Lors de sa réunion cette semaine à Camp David avec les six monarchies du Golfe (CCG : Arabie saoudite, Bahreïn, Emirats arabes unis, Koweït, Oman et Qatar), le président Barack Obama a tenté de convaincre ses alliés du bien-fondé de son approche avec l’Iran. En négociant avec l’Iran chiite un accord sur le nucléaire, le chef de l’exécutif américain a froissé les monarchies sunnites du Golfe. Ces dernières craignent, en effet, que l’accord en question n’ouvre la porte à un rapprochement diplomatique entre Washington et Téhéran et qu’il ne finisse par renforcer l’influence iranienne dans la région. Obama a cherché à rassurer ses alliés, réitérant l’engagement des Etats-Unis à l’égard de la région et affirmant que son pays est prêt à répondre à toute menace extérieure contre l’intégrité territoriale des pays du Golfe, en allusion à l’Iran.
Les Américains pensent que sans accord nucléaire, et même avec les sanctions économiques, l’Iran poursuivra ses activités en vue d’obtenir la bombe atomique. Mais les pays du Golfe craignent moins la bombe atomique iranienne qu’un renforcement de l’influence de Téhéran dans la région. Ils craignent surtout qu’une éventuelle levée des sanctions, imposées à l’Iran, ne donne libre cours aux activités déstabilisatrices de Téhéran dans la région. L’Iran, principal gagnant de l’invasion américaine de l’Iraq en 2003, qui a renversé le régime sunnite de Saddam Hussein et a permis à une majorité chiite de prendre les commandes du pays, cherche à étendre son influence dans la région et est déjà très actif en Syrie, au Liban et au Yémen où il soutient les rebelles Houthis. Le soutien iranien au régime de Bachar Al-Assad coûte chaque année à la République islamique des milliards de dollars. Or, une éventuelle levée des sanctions risque de conforter financièrement l’Iran et lui permettre de mieux soutenir le régime syrien à travers la fourniture d’armes et d’équipements, ce que rejettent les pays du Golfe. Le ministre syrien de la Défense était récemment en visite à Téhéran pour demander une aide financière de 6 milliards de dollars. Il n’en a obtenu qu’un. Les pays du Golfe reprochent encore à l’administration américaine de ne pas être intervenue en Syrie pour renverser le régime alaouite de Bachar Al-Assad. Ils craignent que l’influence grandissante de l’Iran chiite dans la région n’alimente le soutien populaire aux mouvements extrémistes sunnites, comme l’Etat islamique en Iraq, qui se posent comme les défenseurs de l’islam sunnite.

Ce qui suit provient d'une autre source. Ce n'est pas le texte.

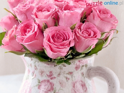 Puzzle Ceramiczny, Różowe, Róże, Dzbanek
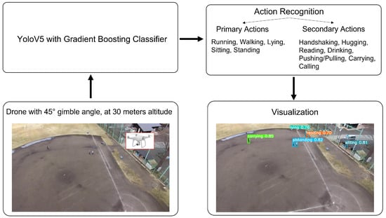 Overview of pipeline of work. First, the flying drone with a camera captures the images of the scene, which are input into the YoloV5 detector in an offline process. The gradient boosting classifier makes weight adjustments for difficult samples and re-trains the model for final action detection.
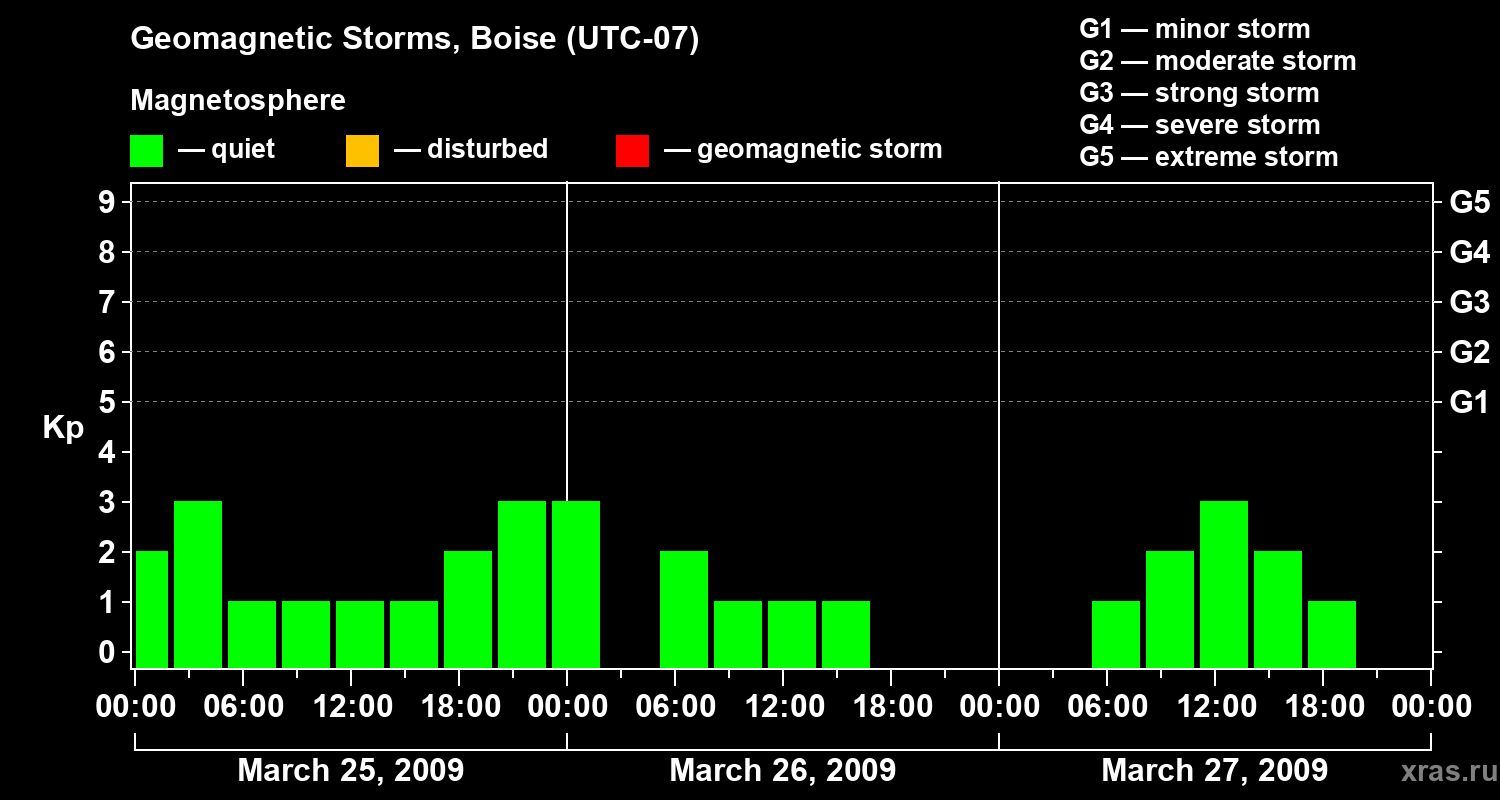 Geomagnetic storms in Boise in March 2009
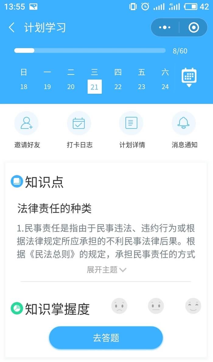 2. 每天一个考试必学知识点 + 5道选择题,答完即为打卡成功,每天进步一点点,成功是可以量化滴!

La réunion de Camp David n’a pas permis aux pays du Golfe d’obtenir un engagement écrit des Etats-Unis, en faveur de la sécurité dans la région. Obama a toutefois promis une coopération militaire plus accrue avec les pays du Golfe et le déploiement d’un système de missile pour la défense de la région. Washington ne semble, en effet, pas prêt à « sacrifier » l’accord nucléaire avec l’Iran qu’Obama a passé de longues années à négocier. Le rapprochement avec Téhéran fait-il partie d’une politique de rééquilibrage américaine dans la région, entre sunnites et chiites ? Cela semble probable. Une situation qui poussera les pays du Golfe à chercher de nouveaux alliés en Occident, comme la France ou la Grande-Bretagne.